### What to do
It would help if you retyped the data exactly, leaving out the pictures.

### Data extract

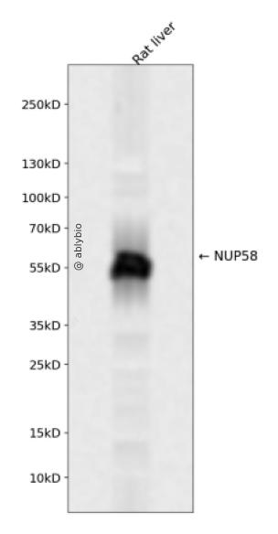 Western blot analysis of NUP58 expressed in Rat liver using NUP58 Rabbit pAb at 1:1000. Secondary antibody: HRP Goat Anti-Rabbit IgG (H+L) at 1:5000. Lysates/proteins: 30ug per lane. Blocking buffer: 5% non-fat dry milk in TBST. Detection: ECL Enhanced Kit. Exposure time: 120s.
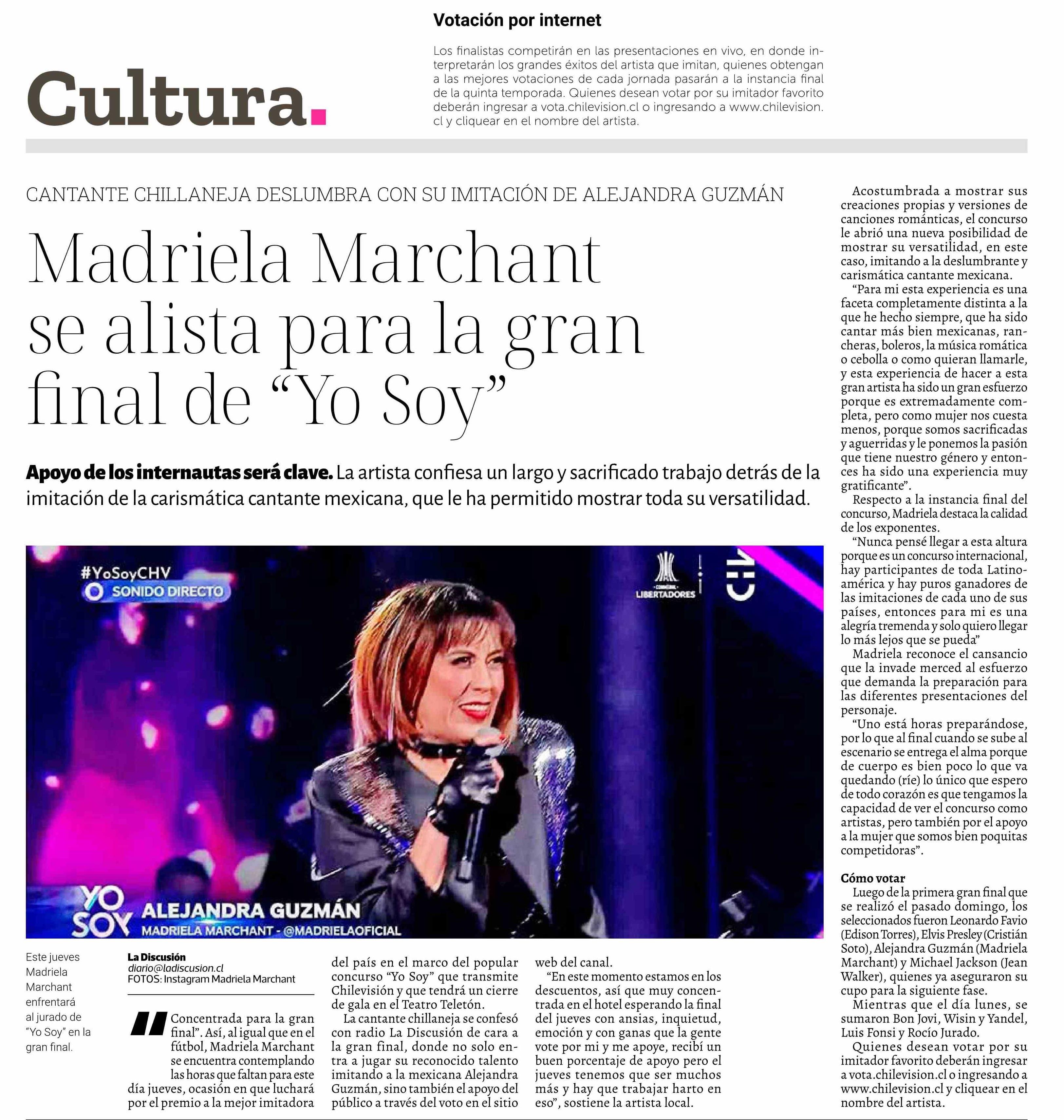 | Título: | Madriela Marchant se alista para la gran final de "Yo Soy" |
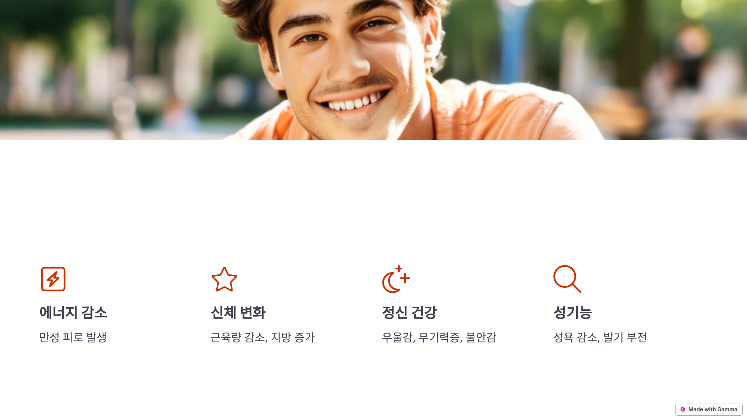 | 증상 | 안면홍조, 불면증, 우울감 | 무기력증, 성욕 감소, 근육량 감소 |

### Expected output
 Western blot analysis of NUP58 expressed in Rat liver using NUP58 Rabbit pAb at 1:1000. Secondary antibody: HRP Goat Anti-Rabbit IgG (H+L) at 1:5000. Lysates/proteins: 30ug per lane. Blocking buffer: 5% non-fat dry milk in TBST. Detection: ECL Enhanced Kit. Exposure time: 120s.
 | Título: | Madriela Marchant se alista para la gran final de "Yo Soy" |
 | 증상 | 안면홍조, 불면증, 우울감 | 무기력증, 성욕 감소, 근육량 감소 |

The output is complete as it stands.